3. Reduces oxidative stress: Spermidine has antioxidant properties that reduce oxidative stress, a major driver of epigenetic alterations. Oxidative stress can damage DNA and mess with DNA methylation patterns. By reducing oxidative stress, spermidine helps protect the integrity of the epigenome, preventing the drift that happens as we age.
4. Supports DNA methylation patterns: Spermidine may influence DNA methyltransferases (DNMTs), enzymes responsible for adding methyl groups to DNA, which regulate gene expression.

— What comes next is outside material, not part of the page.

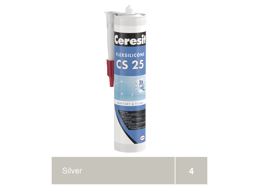 Sanitární silikon Ceresit CS 25 ve vyobrazené silver barvě je určen pro vyplnění dilatačních a spojovacích spár mezi keramickými obklady a dlažbami v rozích nebo ve styku stěn, podlah a k usazování zařizovacích předmětů v sanitární oblasti. Je určen k vyplňování spár tam, kde běžné spárovací hmoty vykazují trhliny a praskliny. Díky trvalé elasticitě a odolnosti proti vodě je vhodný do oblastí trvale zatížených vlhkostí, jako např.: kuchyně, sprchy, koupelny, toalety, balkóny, terasy apod. Sanitární silikon Ceresit CS 25 SANITARY s recepturou MicroProtect obsahuje v porovnání s dosud standardním silikonům trojnásobné množství protiplísňových přísad a díky efektu Aquastatik zaručuje, že se na povrchu cementových spár nemůže držet voda, čímž poskytuje dlouhodobou ochranu proti vzniku plísní a jejich působení. Spáry tak zůstávají čisté a zdraví neškodné. Materiál má vynikající přídržnost k suchým i nesavým podkladům jako sklo, keramika, porcelán, pórovina, email apod. Není vhodný pro použití v nádržích na pitnou vodu a pro lepení akvárií, zrcadel a kovů podléhajících korozi (jako olovo, zinek, měď, železo).

By maintaining proper DNA methylation patterns, spermidine helps prevent the silencing of tumor suppressor genes or the activation of oncogenes, which are common epigenetic changes in aging.
5. Activates SIRT1 and other longevity pathways: By activating SIRT1, spermidine helps counteract age-related epigenetic changes, such as the loss of heterochromatin (tightly packed DNA) and the accumulation of repressive epigenetic marks.
6. Promotes cellular homeostasis: Spermidine supports overall cellular homeostasis by improving mitochondrial function, reducing inflammation, and enhancing stress resistance. A stable cellular environment reduces the likelihood of epigenetic dysregulation, preserving youthful gene expression patterns. 

TLDR!

Spermidine prevents epigenetic alterations by enhancing autophagy, modulating histone acetylation, reducing oxidative stress, supporting DNA methylation patterns, and activating longevity pathways like SIRT1. These actions help maintain proper gene expression and chromatin structure, counteracting the epigenetic changes that drive aging and age-related diseases. By preserving the epigenome, spermidine contributes to healthier aging and longevity.